Recuperação de mangues pode diminuir incidentes com tubarões no Grande Recife, diz pesquisadora

Em entrevista ao Diario, a cientista Fernanda Lana cobrou direcionamento de recursos de compensação ambiental para áreas de manguezais, onde os tubarões e suas presas se reproduzem

Marília Parente

Publicado: 08/06/2026 às 12:15

Tubarão-tigre já esteve envolvido em incidentes no estado de Pernambuco/Foto: Karol Rodrigues/DP Foto

Tubarão-tigre já esteve envolvido em incidentes no estado de Pernambuco (Foto: Karol Rodrigues/DP Foto)

Monitoramento contínuo e recuperação ambiental são o caminho para reduzir os incidentes envolvendo tubarões no Grande Recife. Foi o que defendeu a diretora-presidente do Instituto PROSHARK, Fernanda Lana, que também é mestre e doutora em Recursos Pesqueiros e Aquicultura pela Universidade Federal Rural de Pernambuco (UFRPE), em entrevista ao Diario de Pernambuco.

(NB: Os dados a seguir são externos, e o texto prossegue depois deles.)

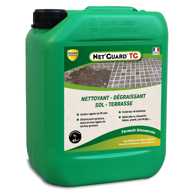 GUARD INDUSTRIE, EXPERT IN MATERIAL CARE: Guard Industrie offers ecological and innovative products to clean, protect, and beautify your materials, combining chemistry and the environment. Limestone, marble, granite, slate, tiles, concrete, cement, tiles, bricks, terracotta, Guard Industrie supports you in the maintenance of all your materials. DIRECTIONS FOR USE: Apply with a sprayer, roller, or brush. Ready to use. Apply generously to the floor. A classic brush broom can further improve effectiveness. Leave for 30 to 60 minutes depending on the level of dirt. Rinse with a high-pressure cleaner using cold or hot water for increased effectiveness. ALL EXTERIOR AND INTERIOR STONE: tiles, travertine, marble, granite, concrete, terracotta, paving stones, and composite wood. More than 90 biodegradable. WORKS IN 30 MINUTES: Powerful action from 30 minutes thanks to a new formula based on rapeseed, sunflower, canola and soy which gives it its descaling power on all stone and even porcelain stoneware and composite wood. READY-TO-USE GREASE AND DIRT DESCALING CLEANER PLANT-BASED: cleans all natural stone or concrete floors dirty with grease, mineral or food oil, pollution or any encrusted dirt. Bio-sourced product from biomass.GUARD INDUSTRIE, EXPERT DANS LE SOIN DES MATRIAUX : Guard Industrie propose des produits cologiques et innovants pour nettoyer, protger et embellir vos matriaux et allier chimie et environnement. Pierre calcaire, marbre, granit, ardoise, tuiles, bton, ciment, carrelage, briques, terre cuite, Guard Industrie vous accompagne dans l’entretien de tous vos matriaux. CONSEIL D’UTILISATION : s’applique au pulvrisateur, rouleau, pinceau. Prt l’emploi. Appliquer gnreusement sur le sol. Un balai brosse classique peut amliorer encore l’efficacit. Laisser 30 60 minutes selon l’encrassement. Rincer au nettoyeur haute pression eau froide ou chaude pour une efficacit accrue. TOUTE PIERRE EXERIEUR ET INTERIEUR : carrelage, travertin, marbre, granit, bton, terre cuite, pav et bois composite. Biodgradable plus de 90 . AGIT EN 30 MINUTES : Action puissante ds 30 minutes grce une nouvelle formule base de colza, tournesol, canola et soja qui lui donne son pouvoir dsincrustant sur toute pierre et mme le grs crame et bois composite. NETTOYANT DESINCRUSTANT GRAISSE ET SALETE PRET A L’EMPLOI ORIGINE VEGETALE: nettoie tous les sols en pierre naturelle ou bton encrasss par la graisse, l’huile minrale ou alimentaire, la pollution ou toute salet incruste. Produit biosourc issu de la biomasse.
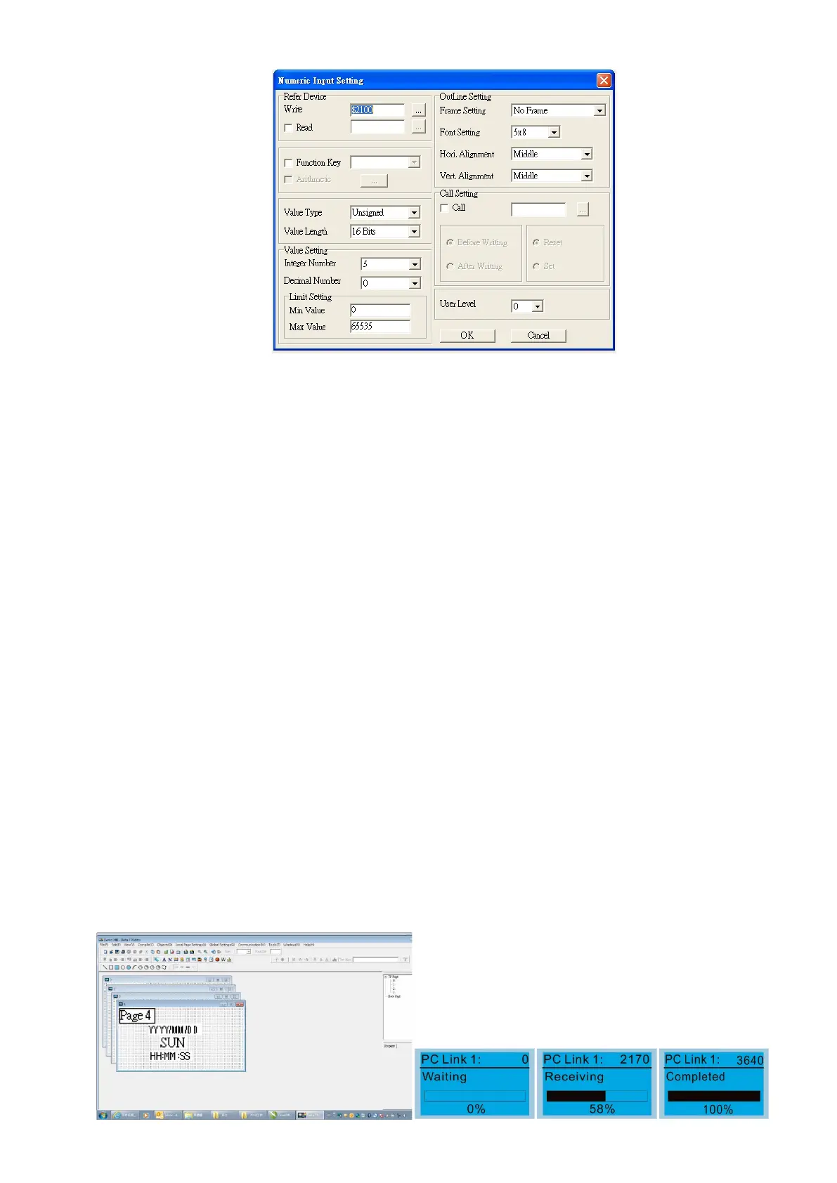 Then press ENTER on the keypad. The screen displays “Waiting”. In TPEditor, choose a page that you
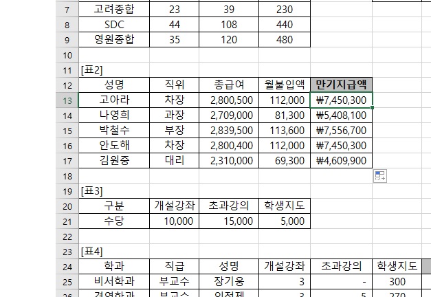 1권 스프레드시트 106 쪽 답안에는 ₩표시가 없는데 제가 풀면 ₩표시가 나와요
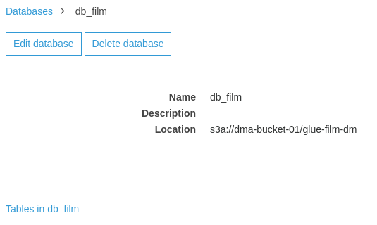 You can describe a database by running spark.sql("DESCRIBE DATABASE db_film")

Segundo a pesquisadora, a interrupção do monitoramento científico impede que Pernambuco compreenda a dinâmica atual das espécies na costa e formule políticas públicas baseadas em evidências. O trabalho da UFRPE, iniciado no início da década de 1990, foi descontinuado em 2015, por falta de recursos públicos, e será retomado agora, após a universidade vencer um edital para financiamento do trabalho por dois anos.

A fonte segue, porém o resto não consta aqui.